Rikkunshito is a traditional Japanese herbal medicine that is used to treat appetite loss associated with cancer and other disorders. The formulation contains various constituents that influence cell signaling, and rikkunshito may accordingly affect human homeostasis through multiple regulatory pathways, including those governed by the endocrine system. We investigated the actions of rikkunshito on catecholamine release from PC12 cells, an adrenal chromaffin cell line.


The actions of rikkunshito on PC12 cells were evaluated by measuring intracellular cAMP levels, tyrosine hydroxylase (TH) and vasoactive intestinal peptide (VIP) mRNA expression levels, and catecholamine levels in the culture medium. The transcriptional activation of VIP gene by rikkunshito was assessed by using a VIP promoter-driven reporter gene assay.
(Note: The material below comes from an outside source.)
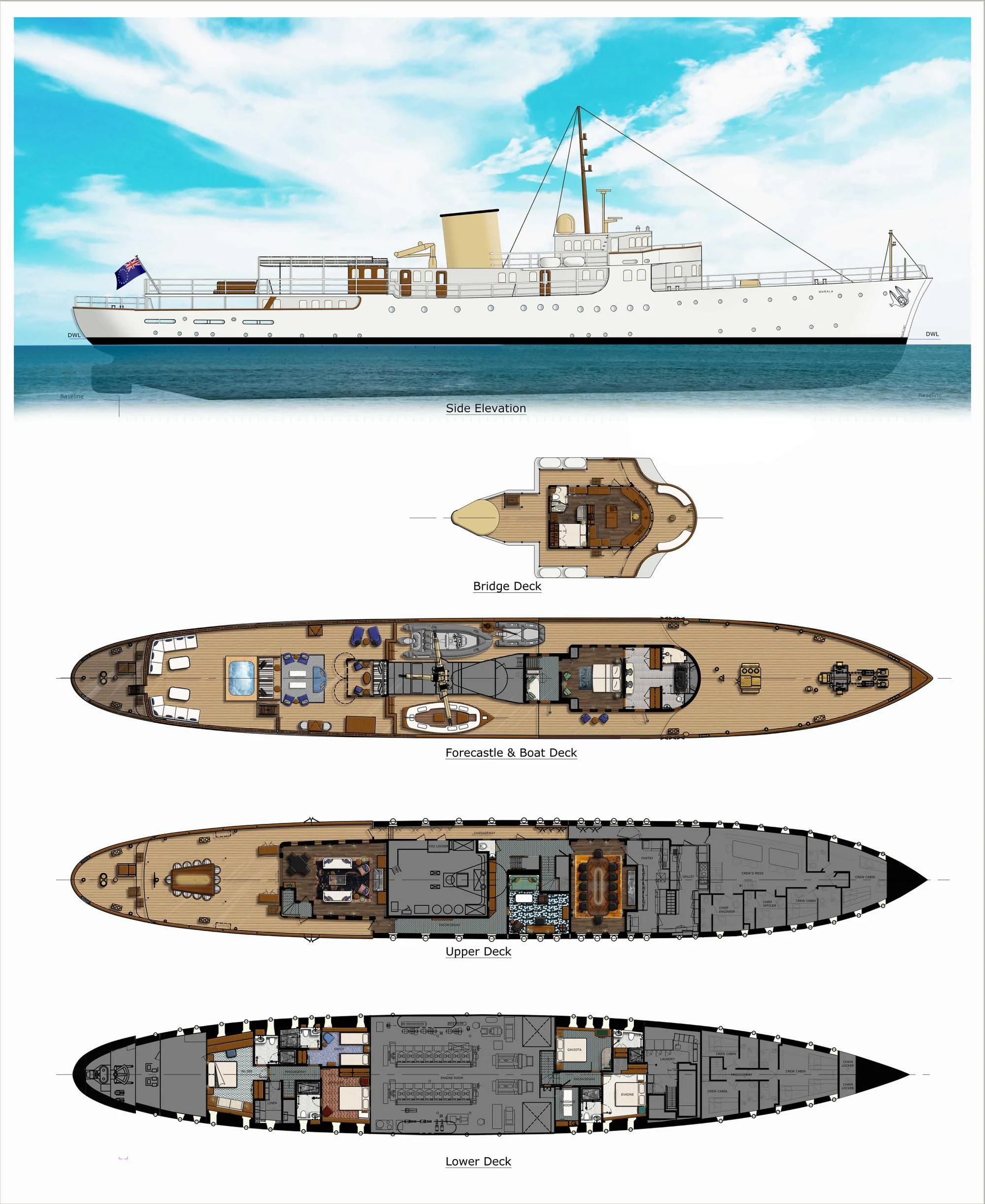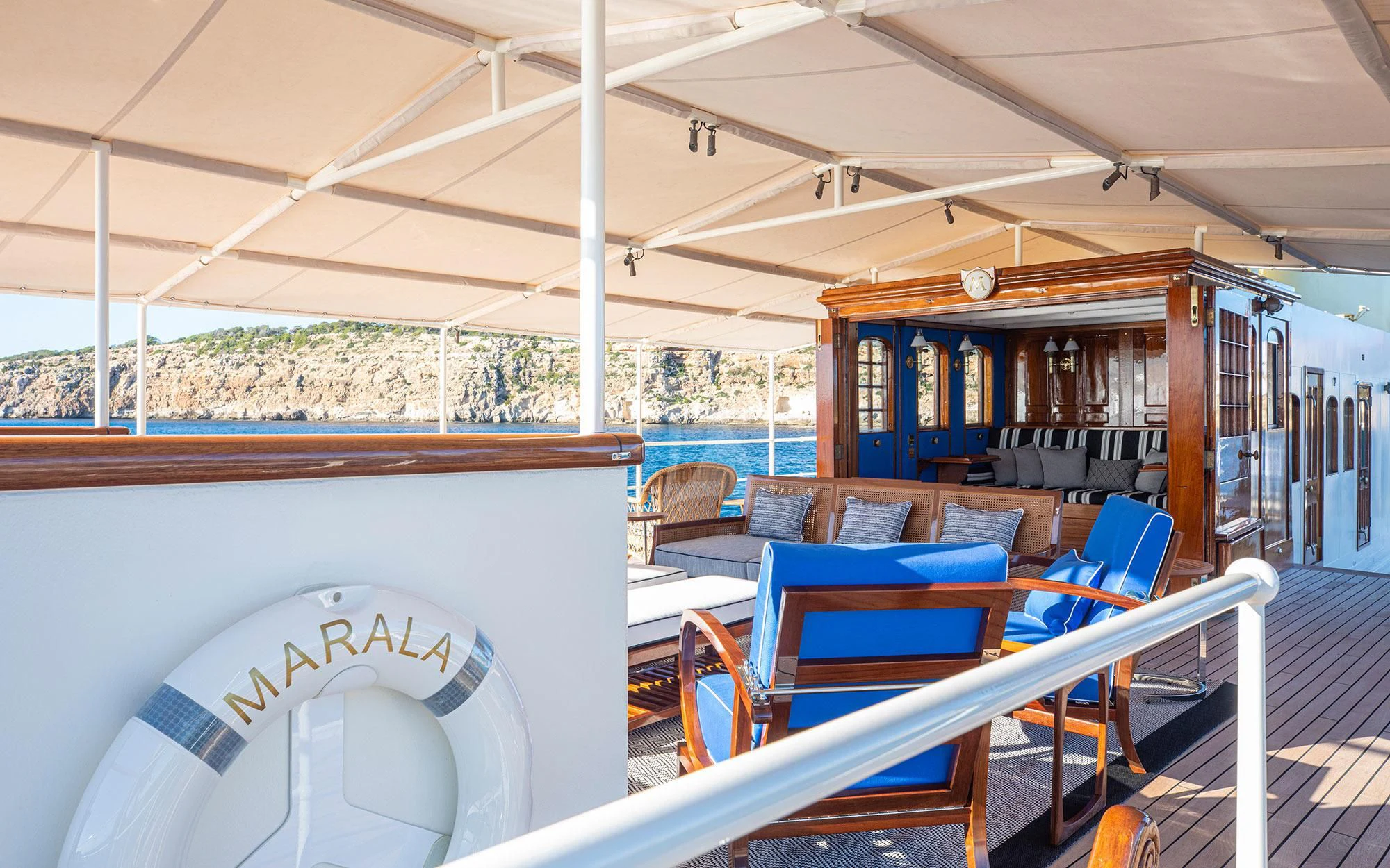 Thanks to her excellent refit, MARALA was nominated for the Refitted/Rebuilt/Converted Yachts category of The World Superyacht Awards 2023. An expert and friendly crew of 19 is on hand at all times on board MARALA. They keep the yacht in top condition and create and deliver a captivating charter for each set of guests to step on board. The guests sleep in six elegant staterooms comprising a master, a VIP, two double staterooms, and two twin cabins. The impressive shared social areas are designed for world-class relaxation and entertainment, and the outside deck areas are generously sized and well-appointed. Attractions include a deck Jacuzzi. MARALA cruises comfortably at 11 knots and reaches a top speed of 13 knots.

Rikkunshito dose-dependently enhanced forskolin-induced elevations in cAMP in PC12 cells, and also increased the gene expression of TH and VIP. The transcriptional activation of VIP gene by rikkunshito was confirmed. Norepinephrine and dopamine secretion into the culture medium of PC12 cells were also dose-dependently augmented by rikkunshito and/or forskolin, but experiments with a protein kinase C (PKC) activator and a phosphodiesterase inhibitor revealed that the effects of rikkunshito were not simply due to the modulation of PKC or phosphodiesterase activity.


These findings suggest that rikkunshito enhances the release of catecholamines by a novel mechanism involving cAMP.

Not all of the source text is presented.